Daily Express

COMMENT

- PHIL ANDREW CEO of StepChange charity

IF you’ve never used an overdraft, well congratula­tions.

If you have, then you’ll know that even a short accidental dip into the red can be costly.

Now spare a thought for the 2.1 million people who spent the whole of 2016 overdrawn.

That’s an expensive place to be. And it’s one where industry regulator the Financial Conduct Authority has decided enough is enough.

To think that people are using overdrafts when they just need to budget better is to misunderst­and the problem.

Around 9.3 million people last year ended up turning to credit just to meet their essential living costs – rent, heating, food, council tax, children’s clothes.
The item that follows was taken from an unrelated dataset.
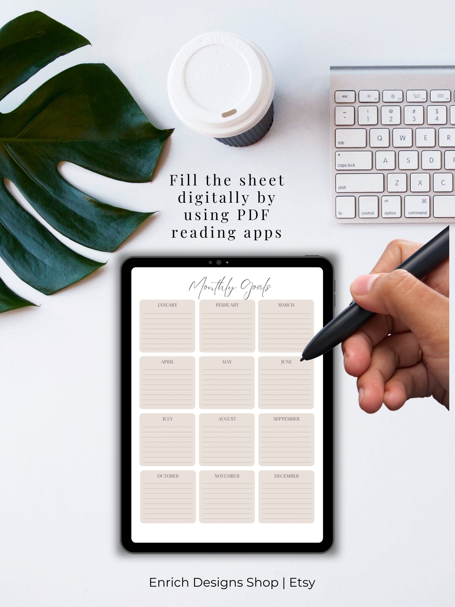 Monthly Goals Template Monthly Goal Progress Tracker Simple Etsy UK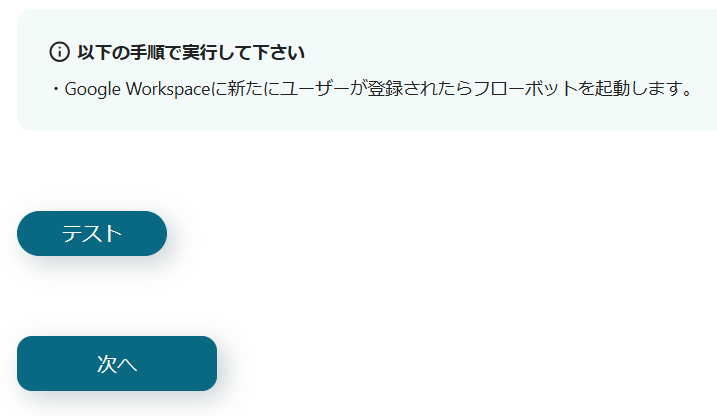 4.Google Workspaceに新しい従業員情報を登録しテストを行い、成功したら「次へ」をクリックします。

They’re not frittering money away on luxuries and their problems are not ones that budgeting can easily solve.

Fairer

Overdrafts are one of the ways that people try to meet their living needs when their underlying problem is lack of money, often caused originally by a drop in their income.

The FCA found that people living in deprived areas are more likely to pay unarranged overdraft charges and refused payment fees, and they pay around twice as much in fees and charges as those in less deprived areas.

The regulator’s findings that over half of unauthoris­ed overdraft fees are paid by 1.5 per cent of customers, that the fees can be ten times higher than those of payday loans, and that banks make 30 per cent of their £2.4 billion annual overdraft revenue from unauthoris­ed overdrafts are damning warning indicators.

Left to its own devices, the banking industry has been slow to improve the market for these customers. All credit to the regulator for stepping in to make the market fairer.